## [Exercise]
Print the listing exactly as it stands, and skip any pictures in it.

## [Data]
########
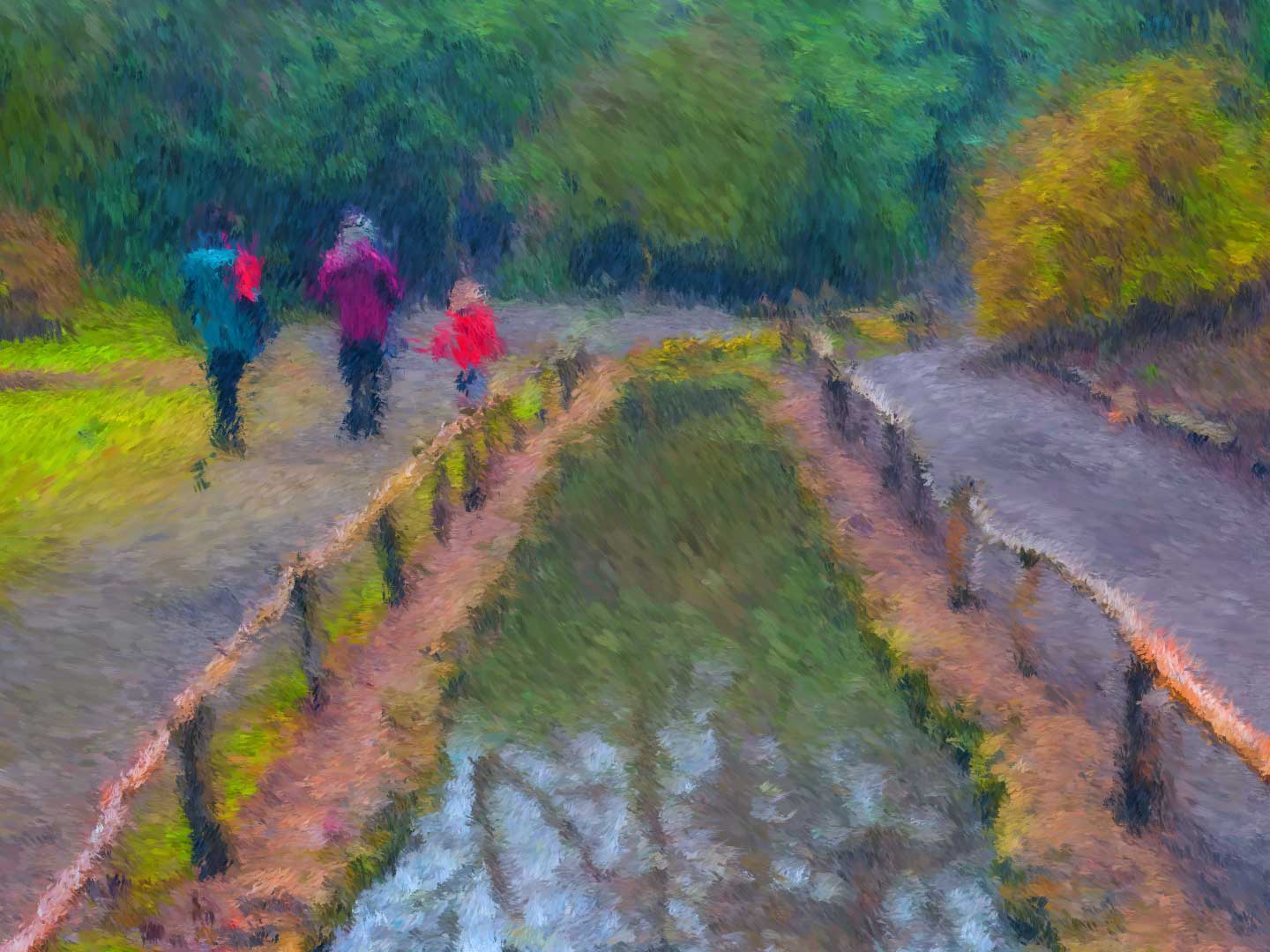 It's a lovely effect on the green trees. I am less convinced about the blues and reds in the centre, and the reflection of the red panel is a different colour which looks odd. I also don't much like the yellow grass on the left hand side. But overall a very pleasant image (which could be even better). |
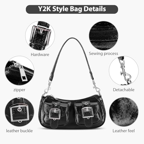 • ⭐【Leather Shoulder Bag】: Y2K shoulder bag is made of artificial leather with polyester lining. Smooth zipper and exquisite hardware accessories show the craftsmanship quality
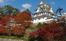 戦国時代末期の永禄2年(1559年)、郡上を治めていた東氏(とうし)と家臣の遠藤盛数が、郡上支配を巡って戦が起きた際、牛首山(現在の八幡山)の山頂に陣を置いたことに起源する山城。明治維新を経て、石垣を残し取り壊されるが、昭和8年(1933年)に再建された。木造の再建城としては日本最古。文豪・司馬遼太郎も「街道をゆく」の中で、感動を記した美しい山城で、郡上八幡の城下町や奥美濃の山々が一望できる絶景スポットとして知られる。もみじの名城としても有名で、新緑はもちろん、11月の紅葉は「天守炎上」と例えられる圧巻の光景が楽しめる。
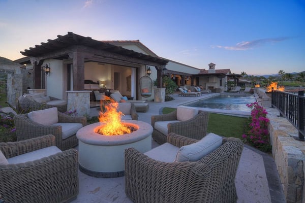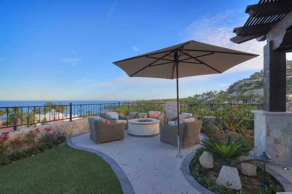 Casa Bella Villa, a spacious six-bedroom sanctuary perched over the Sea of Cortez in Los Cabos, offers a blend of comfort and luxury. Designed with a contemporary flair and colorful local influences, the villa stands out with its retractable floor-to-ceiling windows in most rooms, letting guests enjoy stunning panoramas. The kitchen is a food lover’s dream, equipped with top-tier appliances and a granite prep island, all complemented by a formal dining area. Its outdoor area features a pool, umbrella-shaded chaises, and enchanting fire pits, perfect for relaxing or entertaining. A highlight of the villa includes an outdoor living space under the eaves that doubles as an outdoor terrace, offering an expansive dining table set amidst the calming sounds of the sea.
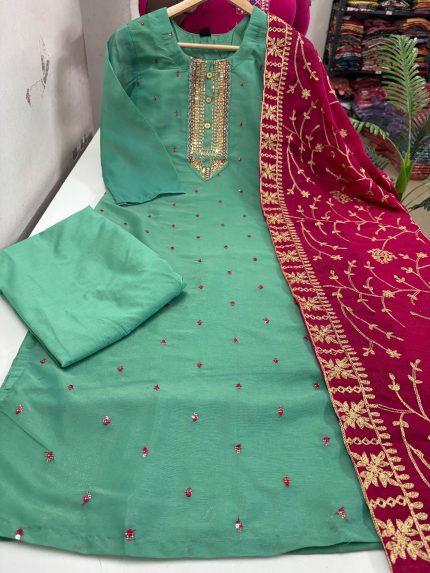 Vatican Silk Kurti With Pant & Dupatta Set
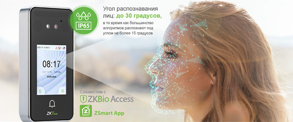 Дистанция распознавания лиц: от 0.3 до 1.2 м, что позволяет идентифицировать быстро идущих людей.
########
## [Task solution]
 It's a lovely effect on the green trees. I am less convinced about the blues and reds in the centre, and the reflection of the red panel is a different colour which looks odd. I also don't much like the yellow grass on the left hand side. But overall a very pleasant image (which could be even better). |
 • ⭐【Leather Shoulder Bag】: Y2K shoulder bag is made of artificial leather with polyester lining. Smooth zipper and exquisite hardware accessories show the craftsmanship quality
 戦国時代末期の永禄2年(1559年)、郡上を治めていた東氏(とうし)と家臣の遠藤盛数が、郡上支配を巡って戦が起きた際、牛首山(現在の八幡山)の山頂に陣を置いたことに起源する山城。明治維新を経て、石垣を残し取り壊されるが、昭和8年(1933年)に再建された。木造の再建城としては日本最古。文豪・司馬遼太郎も「街道をゆく」の中で、感動を記した美しい山城で、郡上八幡の城下町や奥美濃の山々が一望できる絶景スポットとして知られる。もみじの名城としても有名で、新緑はもちろん、11月の紅葉は「天守炎上」と例えられる圧巻の光景が楽しめる。
 Casa Bella Villa, a spacious six-bedroom sanctuary perched over the Sea of Cortez in Los Cabos, offers a blend of comfort and luxury. Designed with a contemporary flair and colorful local influences, the villa stands out with its retractable floor-to-ceiling windows in most rooms, letting guests enjoy stunning panoramas. The kitchen is a food lover’s dream, equipped with top-tier appliances and a granite prep island, all complemented by a formal dining area. Its outdoor area features a pool, umbrella-shaded chaises, and enchanting fire pits, perfect for relaxing or entertaining. A highlight of the villa includes an outdoor living space under the eaves that doubles as an outdoor terrace, offering an expansive dining table set amidst the calming sounds of the sea.
 Vatican Silk Kurti With Pant & Dupatta Set
 Дистанция распознавания лиц: от 0.3 до 1.2 м, что позволяет идентифицировать быстро идущих людей.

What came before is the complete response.